Wenger has also consistently backed the Qatar World Cup since joining FIFA, giving a glowing interview for the official website in which as well as holding up ‘Qatar 2022’ shirts he declared the tiny state’s preparations for the tournament as “a good lesson for every country”. We must sadly conclude he didn’t mean this in a ‘how not to do it’ kind of way. You know, given everything else.

Wenger has also, in his time at FIFA, been critical of positive discrimination. His thoughts on that subject (“This is also discrimination because people who are better may not get the job”) suggest someone being wilfully disingenuous or failing to grasp the entire underlying purpose which, it should go without saying, is not to hand jobs to the unqualified or unsuitable but to address the systemic historical lack of opportunities. For someone literally nicknamed Le Professeur, it seems a push to suggest he truly doesn’t get such a simple idea.
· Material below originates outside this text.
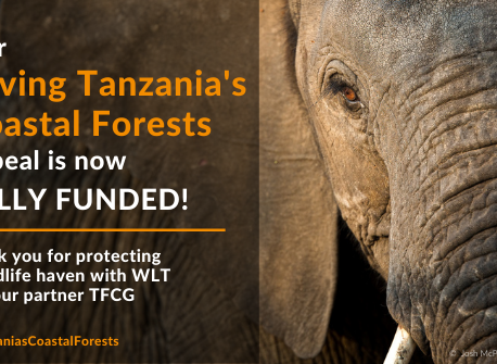 Tanzania’s endemic bushbaby – the Rondo Dwarf Galago is Endangered. WLT’s new appeal to connect Tanzania’s coastal forests will help populations of this small but charismatic species recover. Image credit: Andrew Perkin.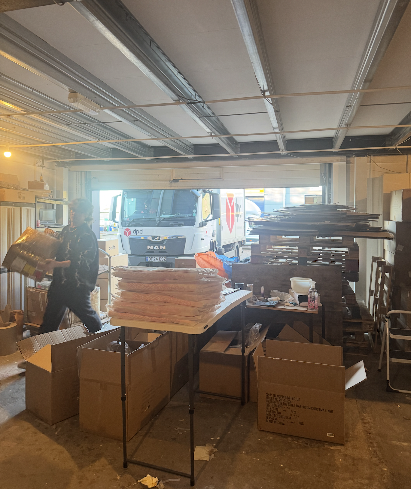 Back in the early days, we even needed the whole creative team to come up and help us with goods in and emergency dispatch just so we could close the roller shutter door without stock left outside. It was a nightmare.

And we’ve not even started on his assorted insane non-solutions to the Offside Problem.

So no. Wenger is not playing some grand game, nobly sacrificing himself and trashing what’s left of his own reputation in order to cleverly draw attention to something we may all be slightly guilty of allowing to drift from the front of our minds.

But we should still be grateful to him for the reminder, even as it confirms that he is now without doubt one of Them.